Hofmann: Es lag bei der WM einfach eine komische Schwere auf dem Team, etwas, das man von dieser Truppe so nicht kannte. Das hatte sich schon Wochen vorher beim Trainingslager in Eppan und bei den enttäuschenden Vorbereitungsspielen angedeutet und wurde immer schlimmer. Da drückte irgendetwas auf die Mannschaft ...

prisma: Was war das?

Hofmann: Es wird viel spekuliert, aber im Grunde weiß keiner, was es wirklich war. Fakt ist, dass beim Turnier keiner seine Leistungsgrenze erreicht hat. Warum das so war, dafür gibt es auch viele konkrete Gründe – unter anderem trug sicherlich die Debatte um das Foto von Mesut Özil und Ilkay Gündogan mit dem türkischen Präsidenten dazu bei, dass der Weg fürs Team bei dieser WM zu keinem Zeitpunkt ein leichter war. Ich hoffe sehr, dass mit Özils Rücktritt unter dieser Causa nun folgerichtig ein Schlussstrich gezogen wurde. Für ihn wünsche ich mir, dass er bei Arsenal schnell wieder zu seiner alten Form zurückfindet.

prisma: Sind auch die Sportjournalisten lange zu wenig kritisch mit der Liga und der Nationalelf umgegangen?

Hofmann: Nein, das finde ich nicht. Die Spieler sagen ja das genaue Gegenteil. Denken nur Sie an die Medienschelte von Toni Kroos nach seinem Siegtreffer in der Nachspielzeit gegen Schweden.

prisma: Von der DFL und den Medien wird die Bundesliga seit Jahren als Hochglanzprodukt präsentiert. Hat sie durch die WM Kratzer bekommen?

Hofmann: Schon ein wenig. Die Bundesliga steht aber immer noch gut da, die Stadien sind auch in der kommenden Saison voll. Es ist ja nicht so, dass vorher alles nur schöngeredet wurde, das haben wir zum Beispiel im "Doppelpass" nicht getan. Sicherlich wäre es aber hilfreich, wenn wir nun alle wieder ein bisschen kritischer analysieren würden, weshalb der FC Bayern seit Jahren so dominant ist und warum wir international so schlecht abschneiden.
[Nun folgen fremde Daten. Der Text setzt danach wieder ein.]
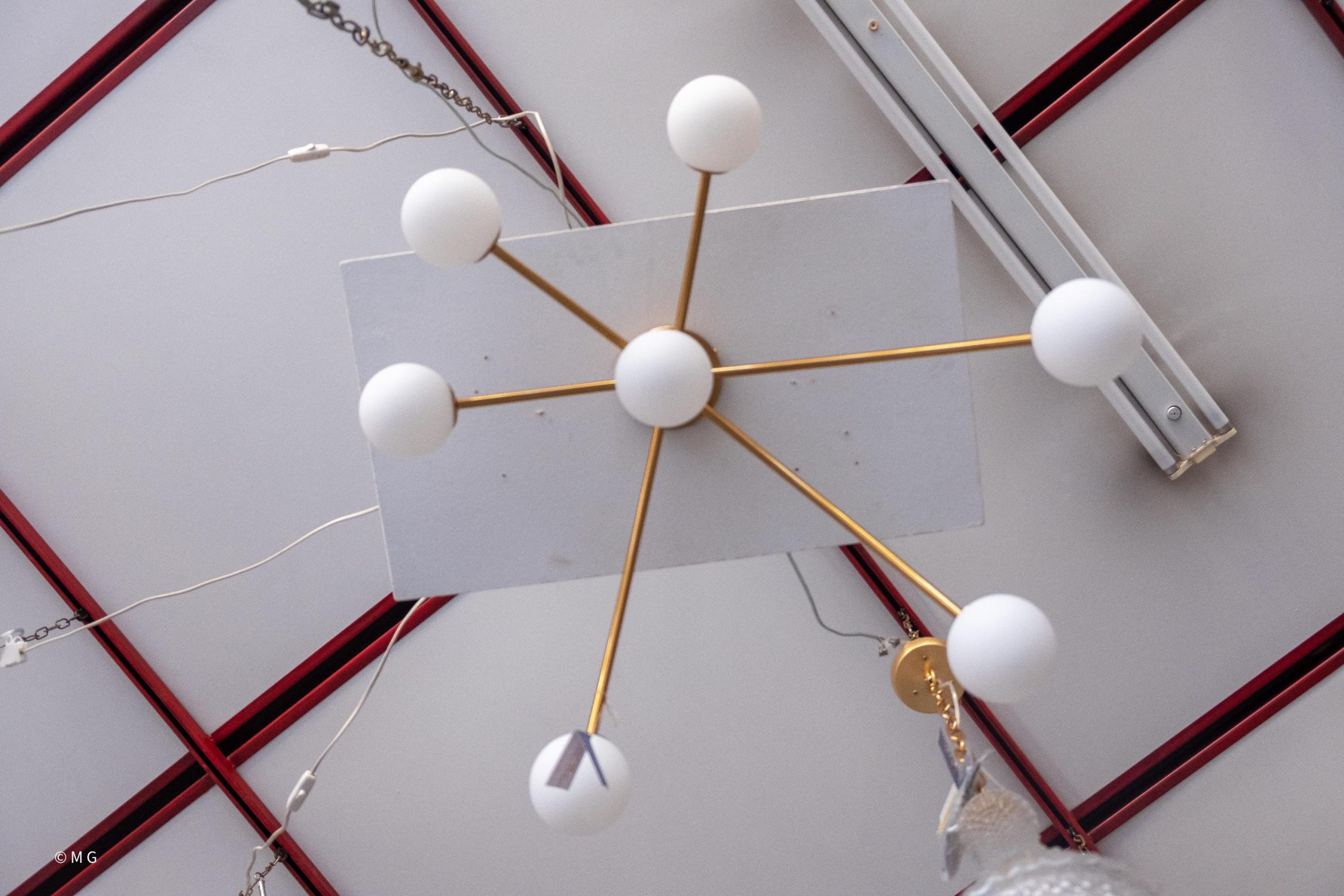 Plafoniere con strutture in metallo verniciato bronzo e diffusori in vetro soffiatto biancolatte.

Vor allem das zum großen Teil verheerende Auftreten in der Europa League, die wir vergangene Saison ja auf SPORT1 präsentiert haben, muss zu denken geben. Warum unterschätzt man andere europäische Teams augenscheinlich?

prisma: Wird jetzt alles wieder besser?

Hofmann: Auf jeden Fall – sage ich als Optimistin. Ich bin überzeugt, dass jetzt auch dem Letzten die Augen geöffnet wurden.